Die bisher vom Direktorium erlassenen Gesetze und Verordnungen mit Gesetzeskraft werden bestätigt. Die übrigen Verordnungen und Erlasse des Direktoriums werden als von der zuständigen höchsten Regierungsbehörde erlassen anerkannt.

§ 96. Die Befugnisse, die bisher dem Großherzoge und der Staatsregierung zustanden, gehen auf das Staatsministerium über, soweit nicht in dieser Verfassung etwas anderes bestimmt ist.

§ 97. Die bisherigen Einrichtungen der evangelischen Kirche im Landesteil Lübeck bleiben solange bestehen, bis dort eine Neuordnung stattgefunden hat.

§ 98. Die verfassunggebende Landesversammlung ist befugt, für die Dauer der Wahlperiode (§ 51) oder einen Teil derselben sich als ordentlicher Landtag einzusetzen.

§ 99. Diese Verfassung tritt mit ihrer Verkündung  durch den Präsidenten der Landesversammlung in Kraft. Vor der Verkündung sind die Paragraphen neu zu nummerieren.

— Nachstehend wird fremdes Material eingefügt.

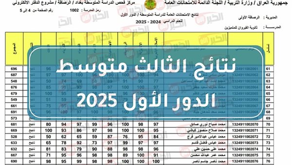 رابط نتائج ثالث متوسط 2025 الدور الاول موقع نتائجنا PDF لجميع المحافظات
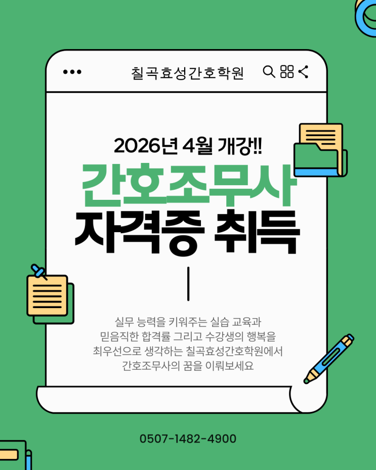 전문적인 보건의료인으로서 새로운 인생을 꿈꾸고 계신가요. 2026년 4월 개강을 앞두고 교육 기관을 고민 중이시라면 실무 역량과 합격이라는 두 마리 토끼를 모두 잡을 수 있는 칠곡효성간호학원을 주목해 보시기 바랍니다. 칠곡효성간호학원은 수강생 여러분이 현장에서 사랑받는 전문가로 거듭나도록 최선을 다하고 있습니다. 실무에 바로 강해지는 실습 중심 교육을 실천합니다 간호조무사 업무의 핵심은 책 속의 이론이 아니라 손끝에서 나오는 정성 어린 간호 기술입니다. 칠곡효성간호학원은 학생들이 병원 현장에 나갔을 때 당황하지 않고 능숙하게 대처할 수 있도록 실습 교육에 가장 큰 비중을 두고 있습니다. 칠곡효성간호학원이 보유....... <img src="https://blogthumb.pstatic.net/MjAyNjAyMjdfMjI1/MDAxNzcyMTc2OTg0MDky.RoQxIzijmaaLvLjGJsLwp_IV4wRyerqGwZXN794ijZog.AOf7EfSqw0oW-nDoOt8-YbGyqiJIqDyMzzbKalLNBiwg.PNG/%C4%A5%B0%EE%C8%BF%BC%BA%B0%A3%C8%A3%C7%D0%BF%F8_%B0%A3%C8%A3%C1%B6%B9%AB%BB%E7%C0%DA%B0%DD%C1%F5_4%BF%F9_%B0%B3%B0%AD_%281%29.png?type=s3" />

    Oldenburg, den 17. Juni 1919.

Der Präsident der verfassunggebenden Landesversammlung
Tantzen
(Stollhamm)

Die Verfassung ist infolge der Gleichschaltungsgesetze des Reichs (vom 31. März 1933 und vom 7. April 1933) sowie dem Reichsgesetz über den Neubau des Reiches vom 30. Januar 1934 faktisch nicht mehr anwendbar. Das Land Oldenburg  wurde 1945 mit einem eigenständigen Ministerpräsidenten wieder eigenständiges Land der britischen Besatzungszone, doch durch deren Verordnung Nr. 55 mit Wirkung vom 1. November 1946 mit den Ländern Hannover, Braunschweig und Schaumburg-Lippe zum neuen Land Niedersachsen verschmolzen.
 


Quelle: Gesetzblatt für den Freistaat Oldenburg 1919 Nr. 46 S. 391ff.
Otto Ruthenberg, Verfassungsgesetze des Deutschen Reiches und der deutschen Länder

nach dem Stande vom 1. Februar 1926
E.R.Huber, Deutsche Verfassungsgeschichte seit 1789 Band 6 S. 821ff.